Pendidikan kewarganegaraan adalah pendidikan yang mengingatkan kita akan pentingnya nilai-nilai hak dan kewajinan suatu warga negara agar setiap hal yang di kerjakan sesuai dengan tujuan dan cita-cita bangsa dan tidak melenceng dari apa yang di harapkan. Karena di nilai penting, pendidikan ini sudah di terapkan sejak usia dini di setiap jejang pendidikan mulai dari yang paling dini hingga pada perguruan tinggi agar menghasikan penerus –penerus bangsa yang berompeten dan siap menjalankan hidup berbangsa dan bernegara.
Pendidikan Kewarganegaraan (PKn) di sekolah dasar memiliki arti penting bagi siswa pada pembentukan pribadi warga negara yang memahami dan mampu melaksanakan hak-hak dan kewajiban untuk menjadi warga negara Indonesia yang cerdas, terampil dan berkarakter yang diamanatkan dalam Pancasila dan Undang-Undang Dasar 1945 (Depdiknas, 2006:97-104).
Untuk membentuk warga negara Indonesia yang demokratis dan bertanggung jawab, pelajaran Pendidikan Kewarganegaraan (PKn) memiliki peran yang strategis dan penting, yaitu dalam membentuk siswa maupun sikap dalam berperilaku sehari-hari, sehingga diharapkan mampu menjadi pribadi yang lebih baik. Minat belajar siswa pada bidang PKn ini perlu mendapat perhatian khusus karena minat merupakan salah satu faktor penunjang keberhasilan proses belajar. Di samping itu minat yang timbul dari kebutuhan siswa merupakan faktor penting bagi siswa dalam melaksanakan kegiatankegiatan-kegiatan atau usaha-usahanya (Susanto, 2013).
Undang-Undang Nomor 2 Tahun 1989 tentang Sistem Pendidikan Nasional Menjelaskan bahwa “Pendidikan Kewarganegaraan merupakan usaha untuk membekali peserta didik dengan pengetahuan dan kemampuan dasar berkenaan dengan hubungan antara warga negara dan negara serta Pendidikan Pendahuluan Bela Negara (PPBN) agar menjadi warga negara yang dapat diandalkan oleh bangsa dan Negara Kesatuan Republik Indonesia”.
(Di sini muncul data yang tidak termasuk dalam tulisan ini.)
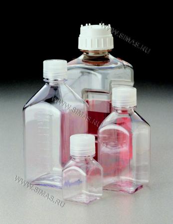 Описание: Прочные, легкие и намного безопаснее стеклянных бутылей. Многократно автоклавируемые, идеально подходят для работы в стерильных условиях, для хранения водных растворов и питательных сред.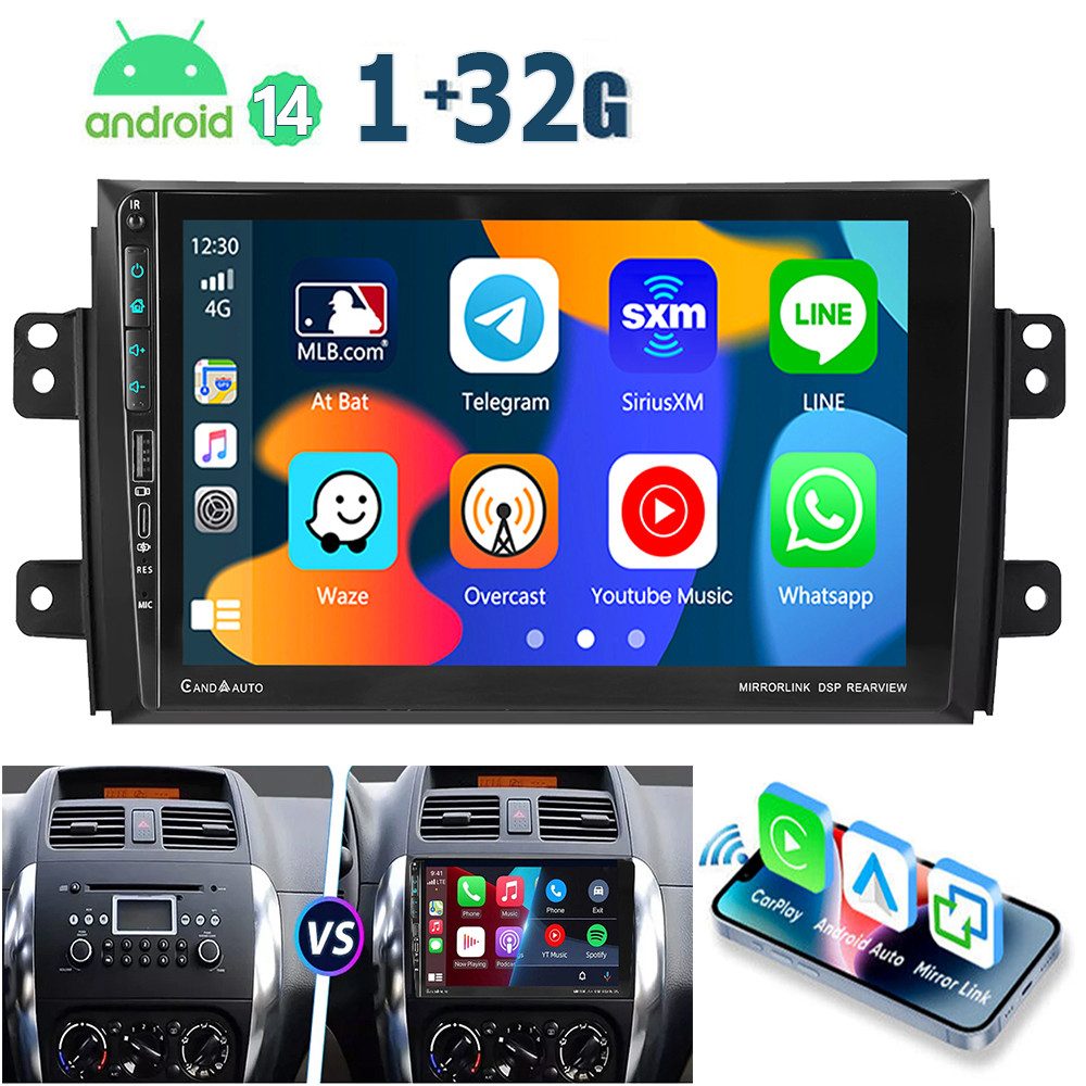 9 Zoll Android 14 Autoradio Für SUZUKI SX4 2006-2013: Das Android Autoradio mit 9" 1280* 720 HD IPS kapazitivem Touchscreen, 1 GB (RAM) +32 GB (ROM)/2 GB (RAM) +64 GB (ROM)/4 GB (RAM) +64 GB (ROM)

Dimanapun manusia berada, ia mempunyai hak dan kewajiban, tidak terkecuali disekolah (Dewi, 2020). Hak dan kewajiban yang dimiliki oleh setiap warga negara Indonesia harus dilaksanakan dan dipelihara dengan baik agar tercipta kehidupan yang sesuai sesuai konsep selaras, serasi, dan seimbang (Abdulkarim, 2006).
Melalui Pendidikan Ina Magdalena, Ahmad Syaiful Haq, Fadlatul Ramdhan 420 Bintang : Jurnal Pendidikan dan Sains Kewarganegaraan ini siswa mampu mengetahui apa saja hak dan kewajiban nya sebagai warga negara.
Hakikat Pendidikan Kewernegaraan di sekolah dasar adalah sebagai program pendidikan yang berdasarkan nilai-nilai pancasila untuk mengembangkan dan melestarikan nilai luhur dan moral yang berakar pada budaya bangsa yang diharapkan menjadi jati diri yang diwujudkan dalam bentuk perilaku dalam kehidupan sehari hari.
Pelajaran yang dalam pembentukan diri yang beragam dari segi agama, sosial, budaya, bahasa, usia, dan suku bangsa yang memfokuskan pada pembentukan warga negara yang memahami dan mampu melaksanakan hak-hak dan kewajibannya untuk menjadi warga negara Indonesia yang cerdas, terampil, dan berkarakter seperti yang diamanatkan oleh pancasila dan UUD 1945.
Tujuan pembelajaran PKn yaitu dapat menjadi sarana belajar siswa untuk lebih mengenal Negara Kesatuan Republik Indonesia, membentuk pribadi siswa sesuai dengan kebudayaan Negara Kesatuan Republik Indonesia, dan bertujuan untuk membentuk generasi yang cinta tanah air dan ikut serta dalam mengisi kemerdekaan Republik Indonesia.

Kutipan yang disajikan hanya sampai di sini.